La Liberté

Faux pas, faut pas!

Faux pas, faut pas!
Faux pas, faut pas!

Yves- Alexandre Thalmann

Publié le 23.07.2021

Temps de lecture estimé : 2 minutes

Opinion

Les réseaux sociaux promettaient la libération autant que la libéralisation de la parole. Grâce à eux, tout le monde pourrait donner son avis, non plus seulement les personnes autorisées, les prétendus experts. Une révolution souhaitable pour le bien de chacune et chacun.

Sauf que la réalité est bien différente. L’hégémonie de la parole libre et libérée se traduit paradoxalement par une crainte de s’exprimer et une autocensure de plus en plus marquée. En effet, le moindre faux pas, ou ce qui pourrait être interprété comme tel, peut donner lieu à un lynchage en règle sur le Net tant le terrain des idées est aujourd’hui miné. Chaque parole, chaque tweet, chaque image postée peut déclencher une déferlante de violence et de haine. J. K. Rowling, la maman d’Harry Potter, en a fait les frais récemment pour avoir ironisé au sujet d’un titre d’article où il était question «des personnes ayant leurs règles». Pour elle, il suffisait de dire: des femmes. Mal lui en a pris: plus d’un million de tweets virulents en réaction à ce propos jugé discriminatoire… Pensons aussi à l’actrice Catherine Deneuve qui a eu le malheur de signer, avec une centaine d’autres femmes, une tribune dans le journal Le Monde considérant que «la drague insistante ou maladroite n’est pas un délit, ni la galanterie une agression machiste». Ou encore l’acteur français Omar Sy, rendu célèbre pour son rôle mémorable dans le film Intouchables, accusé de racisme suite à une vidéo humoristique dans laquelle il imitait l’artiste africaine Aya Nakamura.

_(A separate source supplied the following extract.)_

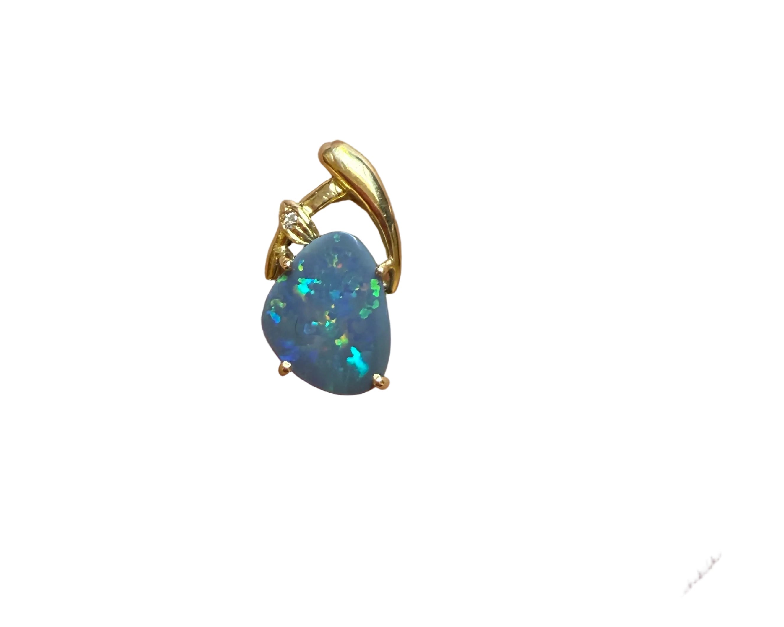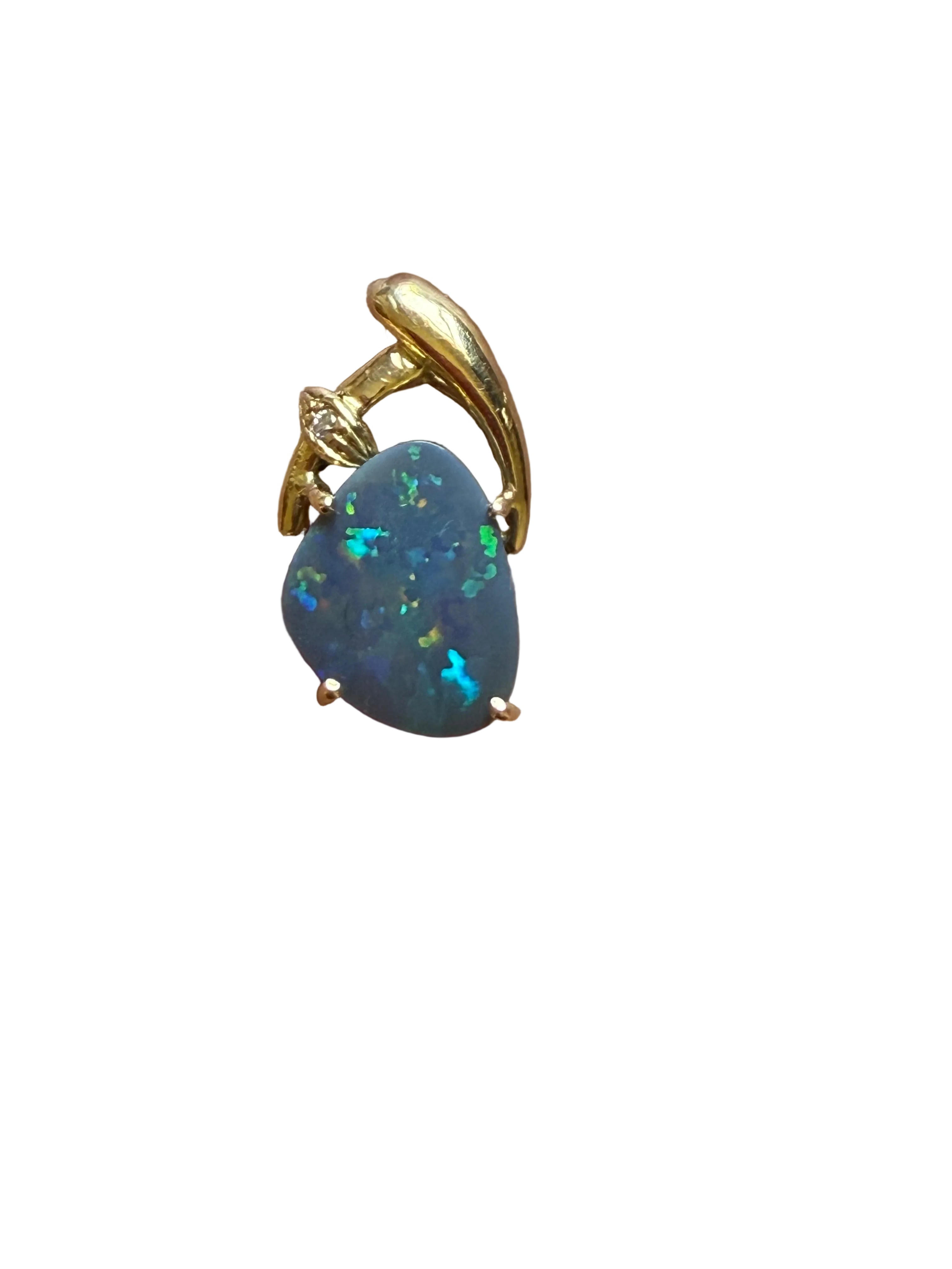 A truly exceptional modern opal design crafted by Creative Jewelry, featuring a premium natural Australian Black Opal displaying a vivid, captivating play-of-color and a beautiful natural pattern. Set in solid 18K yellow gold with a stamped hallmark, this piece radiates elegance. Completed with a brilliant cut genuine diamond and service chain, this pendant is a refined luxury collectible.

A chaque fois, c’est le même scénario qui se répète: des personnes touchées dans leur sensibilité réagissent à vif sur les réseaux sociaux, créant un effet boule de neige qui a tôt fait de susciter un tollé. Résultat: la parole qui se voulait libérée se trouve de plus en plus censurée, non pas par une instance gouvernementale ou religieuse externe, mais par les individus eux-mêmes qui en sont à l’origine. On préfère se taire et ne plus s’exposer que risquer l’opprobre et la vindicte populaire pour un mot de travers ou une idée qui pourrait déplaire à certains et certaines ou, pire, les offusquer. Qui peut supporter sans états d’âme de se faire blâmer, critiquer vertement, dénigrer, voire menacer par des centaines ou des milliers d’inconnus?

Les réseaux sociaux nous promettaient un espace de parole où chacun pourrait s’exprimer librement. Il semble que ce projet relève d’une utopie cachant une réalité bien plus prosaïque: ce qui pourrait déplaire ne serait-ce qu’à une poignée de gens doit absolument être tu, au risque de générer une campagne de dénigrement difficile à encaisser. En embuscade derrière les likes gratuits, marques de mépris et commentaires humiliants sont toujours prêts à être dégainés au moindre faux pas, rendant la tâche des influenceurs et autres Youtubeurs délicate et risquée. C’est sans doute une des raisons qui poussent de plus en plus d’internautes à déserter des réseaux ouvertement antisociaux et à fermer leurs comptes… Rideau!